Меня в который раз подбросило волной, и пока вода, пенясь, остывала, я увидел метрах в пяти от себя мокрого черного Дюка и гладкий чубчик Карасика за его спиной. Дюк все время оборачивался и, борясь с вездесущей водой, кричал "Назад!" — теперь уже Карасику. С очередной волной они оба исчезли, и я почувствовал ленивую истому, свинцовое и вместе с тем пустое блаженство, безразличие ко всему, какое, должно быть, бывает перед смертью.
Море наполнило меня собою, и сердце с глухими раскатами погнало по телу соленую воду. Я был синий; я барахтался в синей кипени; я падал в синюю пустоту, схваченный, как судорогой, страшным, неземным чувством счастья. Я был водой и тек вместе с нею, чувствовал и знал каждую вибрацию своего бесконечного тела, слышал мысли каждой мельчайшей песчинки. Все было плавно-грациозно, бесцельно и медленно, как падение во сне. И вот, когда моя рука уже коснулась пустоты, меня грубо, как слепого котенка за загривок, выдернули из блаженства в соленый мрак, под паучье, жидкое брюхо небес.
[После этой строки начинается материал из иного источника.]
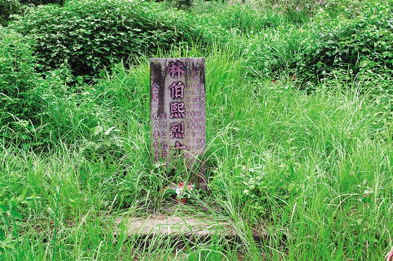文昌市重兴镇附近的一个木材厂边,一座简朴的墓碑伫立着,椰林苍翠,草木葱茏,描红的“林伯熙烈士之墓”几个大字格外鲜艳,把我们的记忆拉回到70多年前血雨腥风的抗战年代。

Я не видел ее, но даже в том полусне-полусмерти узнал: черная рука бережно, но крепко обвила мою грудь, безвольных ног нежно касались складки черного платья. Мы были опутаны и защищены ее седыми волосами: пряди тянулись за нами длинным пенным шлейфом. Одна прядка попала мне в рот, и я жевал ее, как пациент, которому без наркоза ампутируют ногу.
У самого берега хватка рук и волос ослабла, и я почувствовал, что снова соскальзываю в синюю пустоту. Море ударяло по песку и, подталкивая к берегу, не давало до него добраться, втягивая назад. Я закрыл глаза; меня требовательно схватили за шкирку и поволокли.
Дальше я сидел, икая, трясясь в жутком ознобе, а она пребольно колотила меня по рукам и спине, пока я не закашлялся до слез. Я видел, как она, облепленная, словно чешуей, своим платьем — школьной формой, устало заходит в море, но ни побежать следом, ни даже сказать что-либо не мог. Помню остроклювую черную волну с мелькнувшим, как безумный глаз, солнцем; помню, как она застыла на мгновенье во всей своей кромешной и беспощадной красоте и рухнула на старуху, на море, на весь свет.
Долго-долго шел дождь. В прорехи времени просочились какие-то перочинные люди, разрезали дождевую пелену и, набросив на меня одеяло, забегали вдоль берега. Чайки куда-то сгинули, быть может — насовсем. Над морем, в испитом, исхлестанном небе клочьями висели черные, как дым, тучи. Я ощущал эту копоть небесную: она осела на моих волосах, лице, забилась под ногти. Бурые скалы желтели, высыхая. Песок желтой пеной носило вдоль берега. В небесах разливалась апатия, необоримое, вселенское равнодушие; волны не бежали — валандались; даже ветер казался нервной зевотой. Повсюду был какой-то сор, какая-то стружка, табачного цвета требуха. Омерзительно пахло жареной рыбой.